Artistic Research Collaboratives in Science, Engineering and Technology (ARCiSET)
Kanta Kochhar-Lindgren, Associate Professor
University of Washington, Bothell
Introduction
Artistic Research Collaboratives in Science, Engineering and Technology, ARCiSET is an international sci-art research and action project designed to bring local, national and international communities together for the purposes of learning from each other. ARCiSET on Water: Cochin will bring together participants from India, the United States, Hong Kong, and Indonesia to investigate the links between arts practices, science, technology, cultural diplomacy, and water as a material resource and carrier of symbolic value, particularly within the context of rivers. Subsequently, the participants will return to their respective locales, and, in small teams, develop follow up projects that disseminate the processes and the work of the project in order to localize it further. This project will generate internationalization for and between the respective partners that can also lead to new university and community sci-arts initiatives.

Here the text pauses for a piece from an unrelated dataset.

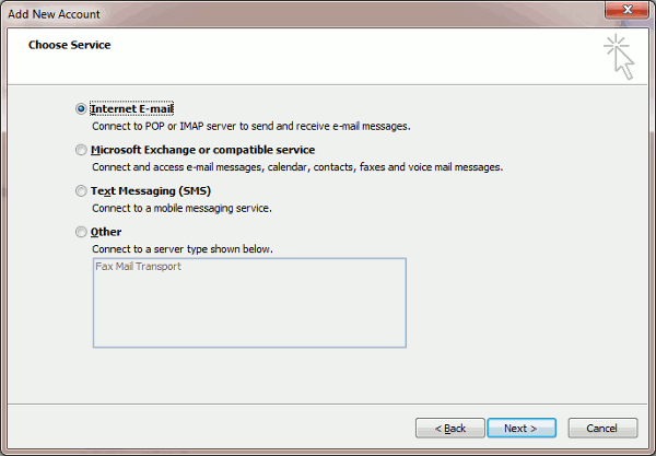 Select the “POP or IMAP” option and then click Next.

In an effort to collaborate on how to generate new forms of communication, arts, design and technology across communities in Cochin who are struggling with these water issues and to create a model for generating best practices in the field of arts diplomacy this project —ARCiSET on Water: Cochin– will partner with local agencies in science, engineering, law, and the arts to explore how we can use arts and design processes as methods of thematic inquiry and problem-solving in a cross-cultural context:
a) To catalyze new forms of cultural diversity and cultural diplomacy that prepares artists and their local communities to engage in global citizenship, with a specific focus on India, particularly in a trans-Pacific context, and
b) To create a model for generating best practices regarding university and community sci-arts initiatives in the context of the global university.
New methods of discourse and opportunities for artists across our local and global communities to engage in the conversation over water, and specifically in India, are more important than ever. These methods will allow communities to: 1) tell their local and global stories about water; 2) generate new social, political, and cultural dynamics around water practices; and, 3) find ways to bridge the science, art and religion divide that, unmitigated, haunts our water problems and limits our capacities to find new solutions fast enough.
In assessing the current phase of development of ARCiSET and the challenges I currently face as well as the opportunities these types of projects promise, my key recommendations include the following:
- A set of think tanks, or cross-disciplinary research laboratories, housed in a range of US academic institutions that focus on the development of science-art research in the context of international collaborations across geographical sites. (The more ideal approach would be to create the think tanks as an international partnership between 2-3 institutions of higher education.)
The primary relevant stakeholders are university administrators (with related community partners) with a vested interest in new program and curricular development that can take the arts and sciences to its next stage.
The obstacle is the lack of both understanding of the potential and the buy-in for investing in new directions in the science-arts in terms of university-community collaborations in an international context.
The second obstacle is the lack of a language or vocabulary and related set of practices that works across locations.
Co-development of new science-art research can lead to the building of common cause around this type of work.
- The advocacy for new funding opportunities with the NSF and various Foundations already committed to interdisciplinary work in the sciences, engineering, and technology but with, currently underserved focus on the role that the arts and culture can play in finding new solutions to the problems that currently face us in a global context.
The relevant stakeholders are the funders as they gain new information about what can be done with their available funds in ways that reaches a larger population.
The obstacle is lack of innovation in funding opportunities.